◆ Requirement
Make an exact copy of all the records that follow, apart from the pictures.

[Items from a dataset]
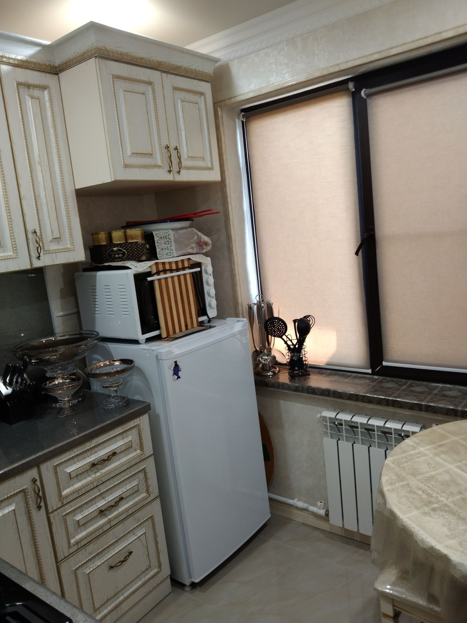на кухне, в прихожей и ванной сделан качественный ремонт, трубы и  сантехника новые, батареи  тоже заменены, балкон закрыт. В квартире остаётся: кухонная встроенная мебель с немецкой варочной панелью и вытяжкой, стол и 4 стула-табурета, кондиционер Gree и электрический  водонагреватель Ariston. Подъезд очень чистый, соседи замечательные.
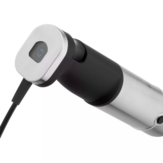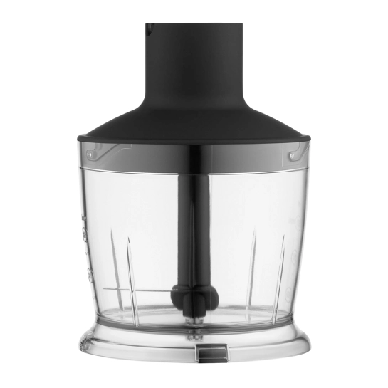 Предусмотрена 5-уровневая регулировка скорости, обуславливая широкие возможности приготовления, и LCD-дисплей для контроля всех процессов. Выделяется низким уровнем шума. Лезвия и ножка – из нержавеющей стали, что обеспечивает гигиеничность и длительный срок службы. Предусмотрены лезвия специальной формы для измельчения льда. Устройство защищено от разбрызгивания, перегрева и перегрузки. В комплектовании: блендер, измельчитель (500 мл), венчик для взбивания, мерный стакан (600 мл).
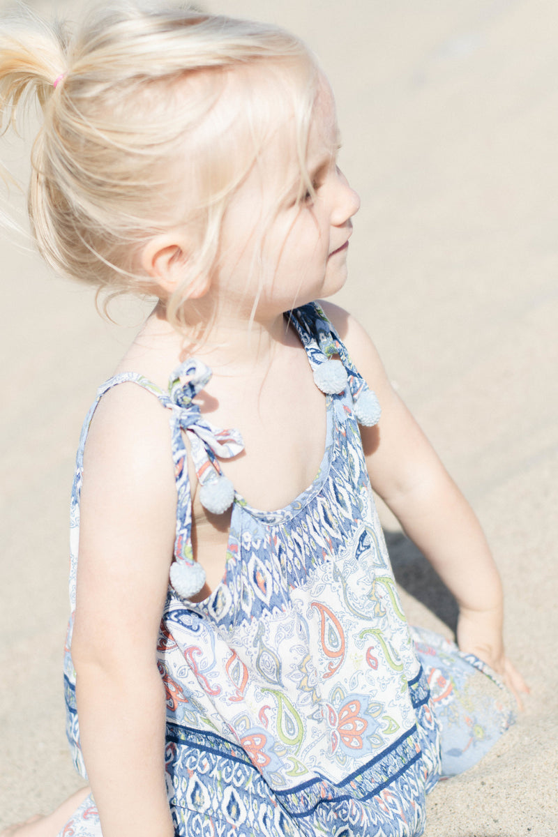 Our adorable baby and toddler rompers are one of our most popular and loved designs. Made with the lil’ one’s comfort in mind, we emphasize cozy, natural, limited fabrics and high-quality materials, allowing the little Beach Babies to run wild and free. These trendy jumpsuits have a loose & easy fit for babies 6-12 months and young girls. The bright, colorful pom pom strings tie on the shoulders for adjustable comfort.
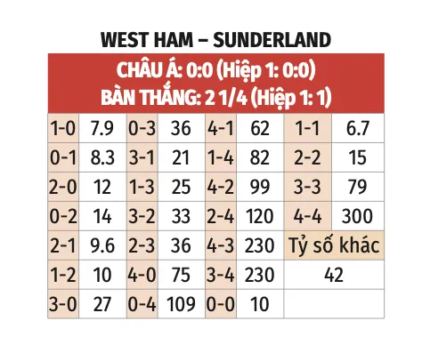 - Bàn thắng sớm: 15/20 trận gần đây của West Ham chứng kiến ít nhất một bàn thắng trong hiệp 1. Xu hướng này cũng xuất hiện ở 4/5 trận gần nhất của Sunderland.
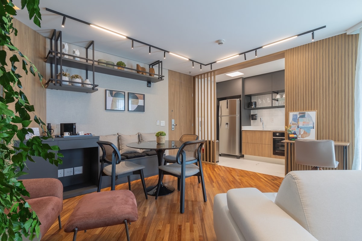 Charmoso apartamento equipado Jardins- AC-Garagem
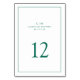 Simples número da mesa de casamento com um design elegante e eterno com seu monograma de duas letras, nomes, data e número da mesa cercavam uma borda fina. Todos os elementos de design estão em um tom de joia verde esmeralda sobre um fundo branco e podem ser alterados para qualquer cor desejada na ferramenta de edição de design. Um design limpo e clássico perfeito para um casal que quer um número de mesa estilo tradicional com um toque moderno. Adicione cada número de tabela ao carrinho individualmente.

◆ Completed exercise
на кухне, в прихожей и ванной сделан качественный ремонт, трубы и  сантехника новые, батареи  тоже заменены, балкон закрыт. В квартире остаётся: кухонная встроенная мебель с немецкой варочной панелью и вытяжкой, стол и 4 стула-табурета, кондиционер Gree и электрический  водонагреватель Ariston. Подъезд очень чистый, соседи замечательные.
 Предусмотрена 5-уровневая регулировка скорости, обуславливая широкие возможности приготовления, и LCD-дисплей для контроля всех процессов. Выделяется низким уровнем шума. Лезвия и ножка – из нержавеющей стали, что обеспечивает гигиеничность и длительный срок службы. Предусмотрены лезвия специальной формы для измельчения льда. Устройство защищено от разбрызгивания, перегрева и перегрузки. В комплектовании: блендер, измельчитель (500 мл), венчик для взбивания, мерный стакан (600 мл).
 Our adorable baby and toddler rompers are one of our most popular and loved designs. Made with the lil’ one’s comfort in mind, we emphasize cozy, natural, limited fabrics and high-quality materials, allowing the little Beach Babies to run wild and free. These trendy jumpsuits have a loose & easy fit for babies 6-12 months and young girls. The bright, colorful pom pom strings tie on the shoulders for adjustable comfort.
 - Bàn thắng sớm: 15/20 trận gần đây của West Ham chứng kiến ít nhất một bàn thắng trong hiệp 1. Xu hướng này cũng xuất hiện ở 4/5 trận gần nhất của Sunderland.
 Charmoso apartamento equipado Jardins- AC-Garagem
 Simples número da mesa de casamento com um design elegante e eterno com seu monograma de duas letras, nomes, data e número da mesa cercavam uma borda fina. Todos os elementos de design estão em um tom de joia verde esmeralda sobre um fundo branco e podem ser alterados para qualquer cor desejada na ferramenta de edição de design. Um design limpo e clássico perfeito para um casal que quer um número de mesa estilo tradicional com um toque moderno. Adicione cada número de tabela ao carrinho individualmente.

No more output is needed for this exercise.